● Requirement:
A faithful copy of all the data is the goal; omit the pictures.

● Data segment:
.....
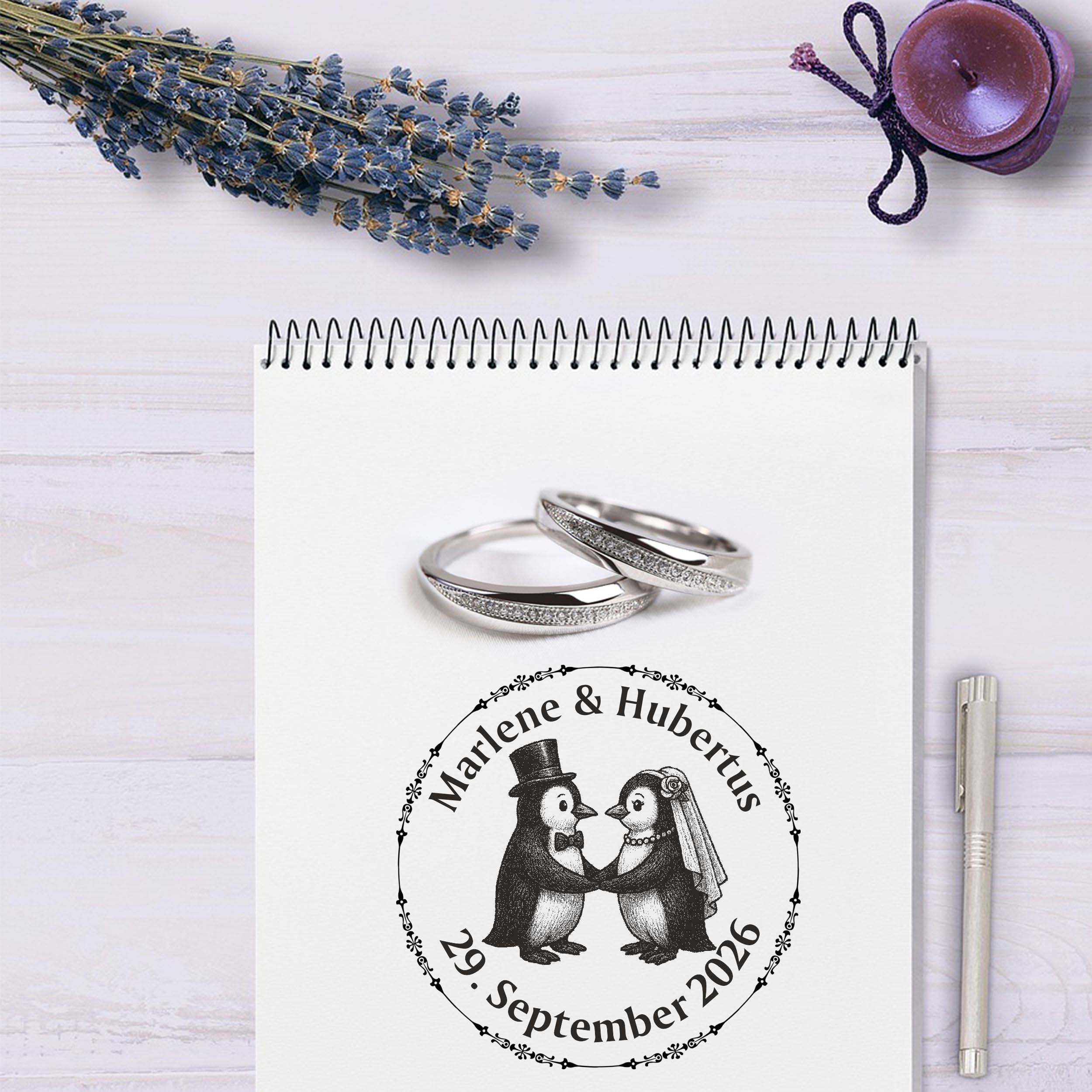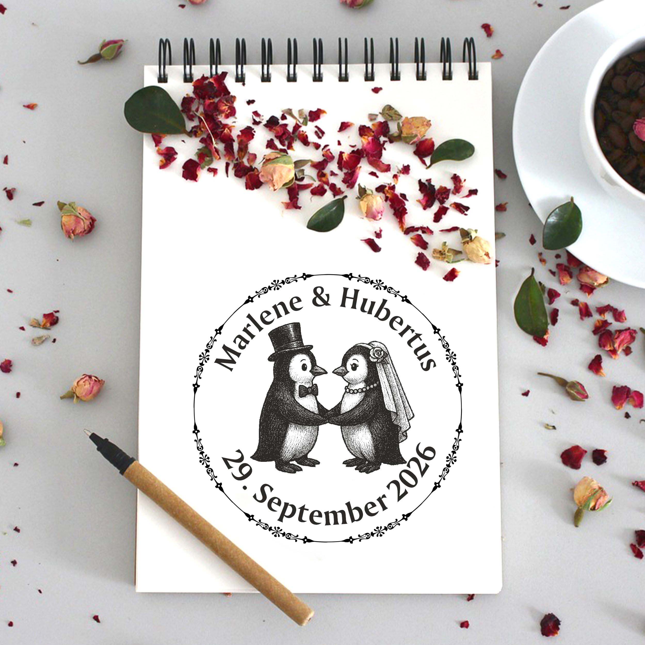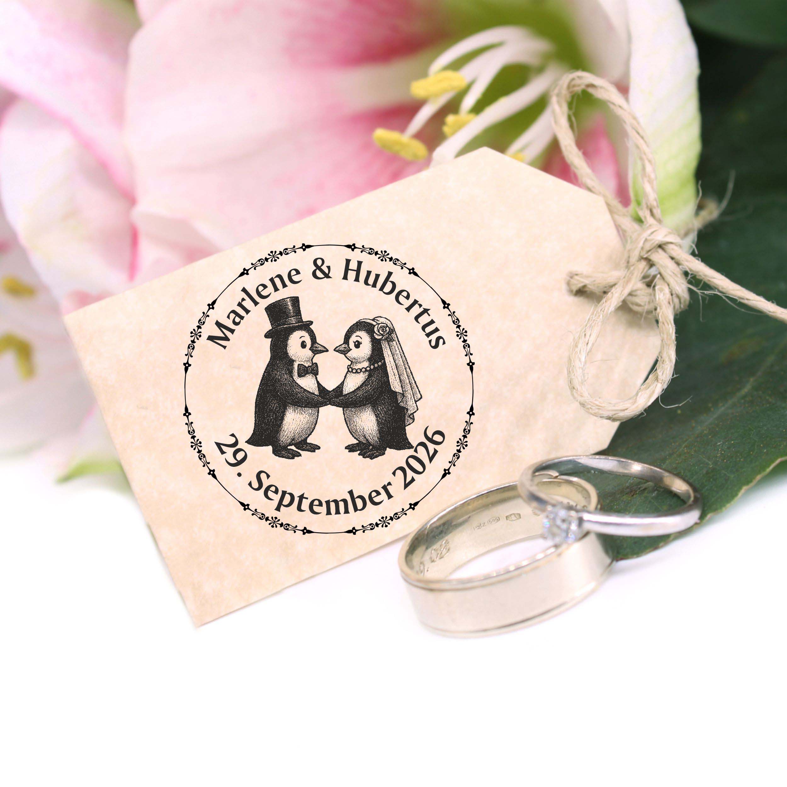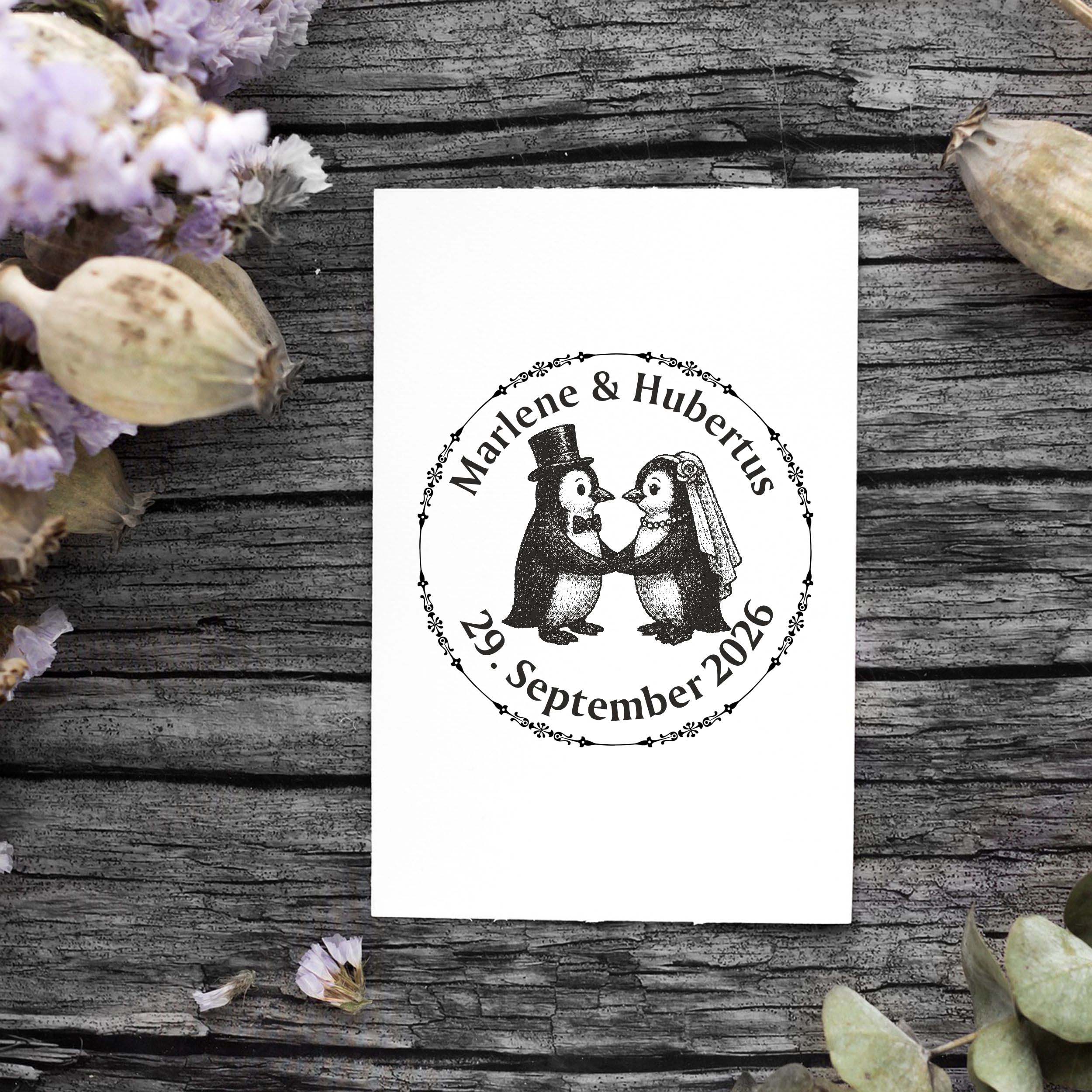 Vermählte. Der personalisierte Hochzeitsstempel mit Pinguin-Motiv ist nicht nur
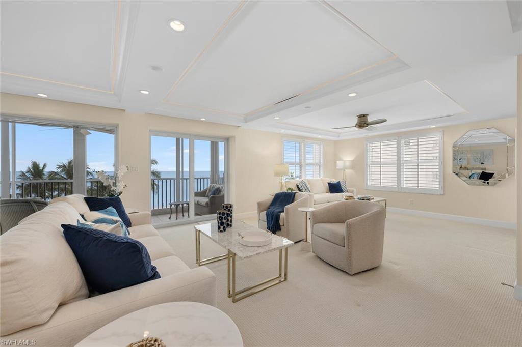 Impressive 4th-floor end unit in the desirable Martinique Club featuring 3 bedrooms, 3 bathrooms, and 2,064 sq/ft of beachfront living. The updated kitchen offers newer appliances and opens seamlessly to the living space—ideal for entertaining. Enjoy stunning Gulf views from this private, well-located condo. The third bedroom has been opened to expand the living area, enhancing the open-concept layout. Additional highlights include updated lighting, custom interior shutters, and an expansive lanai with hurricane-rated sliders. This unit may also be purchased with the adjacent unit (#404), creating a rare opportunity for a 5-bedroom, 5-bath beachfront retreat. Martinique Club offers an exclusive lifestyle with only 35 residences, private beach access, a beachfront pool, cabana room, and a newly renovated lobby. Ideally located just steps from Venetian Village’s upscale boutiques and dining, and a short drive to Waterside Shops, Artis–Naples, Mercato, and the iconic 5th Avenue South and 3rd Street South.
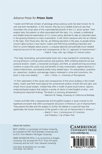 During the past 25 years, the prison population in America shot upward to reach a staggering 1.53 million by 2005. This book takes a broad, critical look at incarceration, the huge social experiment of American society. The authors investigate the causes and consequences of the prison buildup, often challenging previously held notions from scholarly and public discourse. By examining such themes as social discontent, safety and security within prisons, and the impact on crime and on the labour market, Piehl and Useem use evidence to address the inevitable larger question, where should incarceration go next for American society, and where is it likely to go?
.....
● Final answer:
 Vermählte. Der personalisierte Hochzeitsstempel mit Pinguin-Motiv ist nicht nur
 Impressive 4th-floor end unit in the desirable Martinique Club featuring 3 bedrooms, 3 bathrooms, and 2,064 sq/ft of beachfront living. The updated kitchen offers newer appliances and opens seamlessly to the living space—ideal for entertaining. Enjoy stunning Gulf views from this private, well-located condo. The third bedroom has been opened to expand the living area, enhancing the open-concept layout. Additional highlights include updated lighting, custom interior shutters, and an expansive lanai with hurricane-rated sliders. This unit may also be purchased with the adjacent unit (#404), creating a rare opportunity for a 5-bedroom, 5-bath beachfront retreat. Martinique Club offers an exclusive lifestyle with only 35 residences, private beach access, a beachfront pool, cabana room, and a newly renovated lobby. Ideally located just steps from Venetian Village’s upscale boutiques and dining, and a short drive to Waterside Shops, Artis–Naples, Mercato, and the iconic 5th Avenue South and 3rd Street South.
 During the past 25 years, the prison population in America shot upward to reach a staggering 1.53 million by 2005. This book takes a broad, critical look at incarceration, the huge social experiment of American society. The authors investigate the causes and consequences of the prison buildup, often challenging previously held notions from scholarly and public discourse. By examining such themes as social discontent, safety and security within prisons, and the impact on crime and on the labour market, Piehl and Useem use evidence to address the inevitable larger question, where should incarceration go next for American society, and where is it likely to go?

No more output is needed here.